Sunday, June 24, 2007

WTSIM Apple Dumplings

Apple and mulberry dumpling

This month my entry into WTSIM.. dumpling is more of a voyage of culinary experimentation than a recipe to be triumphantly passed on and heralded as an unqualified success. Johanna decreed stuffed dumplings to be the theme this month. I come from an English background where dumplings are to be found unstuffed, floating in stews, to bulk out the meat and sop up the gravy - robust fillers for hungry labourers and school children. I'd never before eaten a stuffed dumpling, let alone cooked one.

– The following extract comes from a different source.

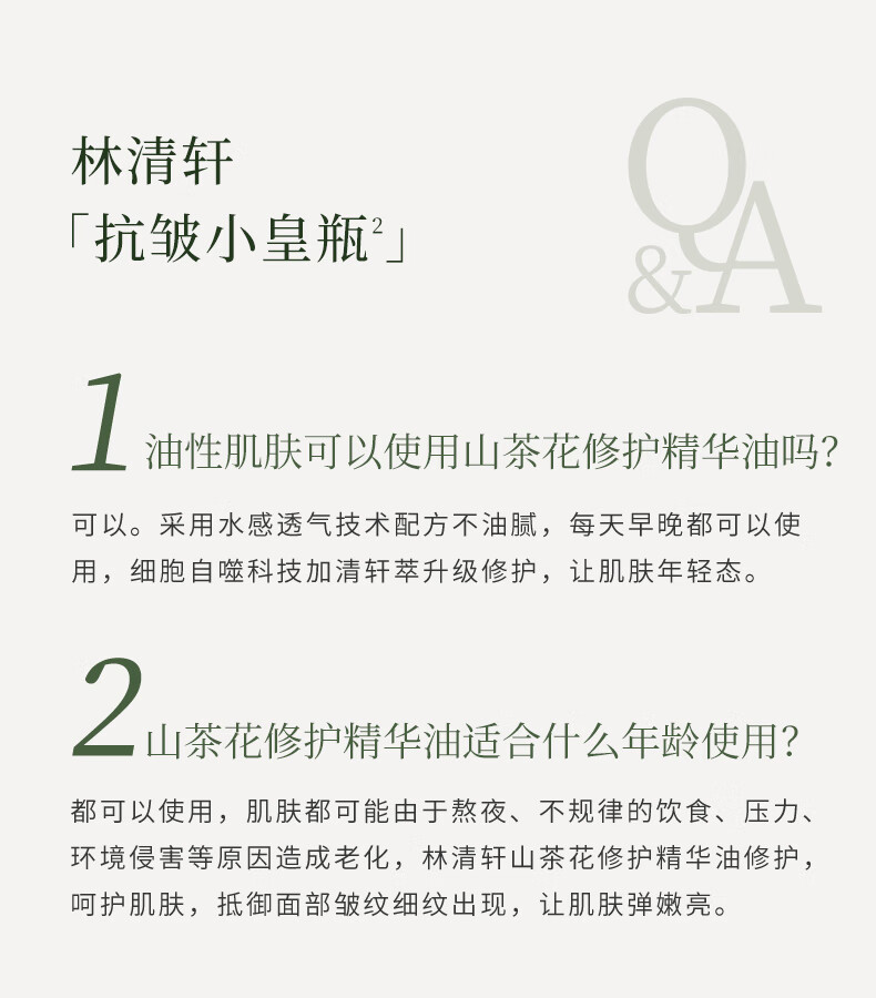 林清轩【于适同款】山茶花4.0面部精华油以油养肤抗皱淡纹精华护肤1 30ml
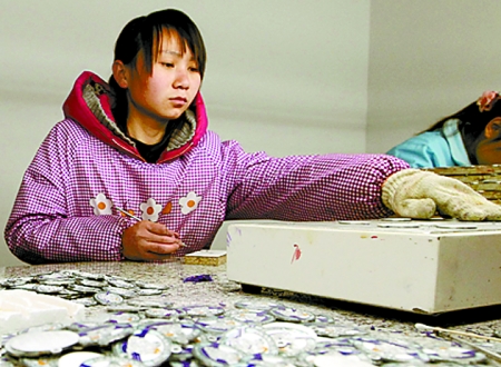 信陽市平橋區(qū)明港鎮(zhèn)大營(yíng)村利用城郊地理優(yōu)勢(shì),通過招商引資吸引外來投資3億多元。圖為3月27日,村民正在村里的合盛五金飾品加工廠制作徽章。 河南日?qǐng)?bào)記者 鄧 放 攝

Coincidentally, I am reading Elisabeth Luard's Still Life at the moment. It is an account of her travels around Central and Eastern Europe and Scandinavia in the mid-Eighties, researching traditional country recipes for her book European Peasant Cookery. I love her style which is forthright, inquiring and persevering and am lost in admiration of the quantities of pickled herring and black bread that she managed to endure and, more to the point, persuade her accompanying husband to endure, in the pursuit of more enticing culinary traditions. She starts her journey in Munich and as she traverses Austria is challenged by a mammoth meal which culminates in four plum dumplings per serving. She offers the recipe and, with the WTSIM event in mind, I thought I'd spend a blustery Saturday afternoon conducting my own dumpling research.

I compared Elisabeth Luard's recipe to Johanna's suggestion and also found an Austrian cookery site here. All the recipes looked pretty similar and though I had no plums, I thought I could try with a combination of apples and mulberries. I'd already come across the concept of using potatoes combined with flour to make a dough, from the Italian potato gnocchi, that I'd once helped make in a family home on my travels through Italy. They are savoury, served in a tomato sauce, so I was interested in how the potato dough would turn out with a sweet filling.

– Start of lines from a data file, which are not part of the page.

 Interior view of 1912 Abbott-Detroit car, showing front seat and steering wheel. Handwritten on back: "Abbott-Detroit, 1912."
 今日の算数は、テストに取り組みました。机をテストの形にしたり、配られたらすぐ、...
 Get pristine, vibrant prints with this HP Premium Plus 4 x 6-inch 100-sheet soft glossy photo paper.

I slightly softened the apple chunks in a little butter first, as the recipe seemed to demand soft fruit. The potatoes duly cooked, peeled and mashed, I made up the dough, divided it into twelve and started wrapping the fruit. This was achieved reasonably well, though I didn't know quite how much fruit to try and encase, and odd corners of apple chunks insisted on poking through then the mulberry juice also wanted to escape.

I ended up with twelve tidy balls and set to boiling them. I danced attendance expecting disaster but the cooking was achieved uneventfully, no exploding dumplings and I felt quite pleased. The final step was to fry breadcrumbs in butter to coat them in. I think Elisabeth demanded too much butter though, as they ended up soft and glistening rather than the crispy coating described, but here they were - dumplings on a plate.

The acid test of consumption was where I encountered a hitch. My chief tasters lined up with bowls in anticipation, sprinkled the dumplings with sugar and cinnamon and I awaited comments. I was none too confident, as adventurous eaters they are not and my first exploratory tasting had come away with an impression of rather doughy potato flavour.

Well the verdict came in: youngest rejected the dumpling, due to its tasting of potato (in indignant tones) though she ate the fruit from inside. My son returned the whole thing barely nibbled at. My six year old sprinkled on more sugar and consumed the whole thing with gusto, soon ready for seconds. My husband loyally tasted it, though I knew he'd find it too heavy, but he nobly ate half his. I.. well, in the spirit of culinary curiosity, I ate one and then a second, to examine how I could have made them lighter, fluffier or generally more appealing. This excess of fervour made it rather hard to contemplate cooking supper a bare couple of hours later with my stomach still loaded with dumplings!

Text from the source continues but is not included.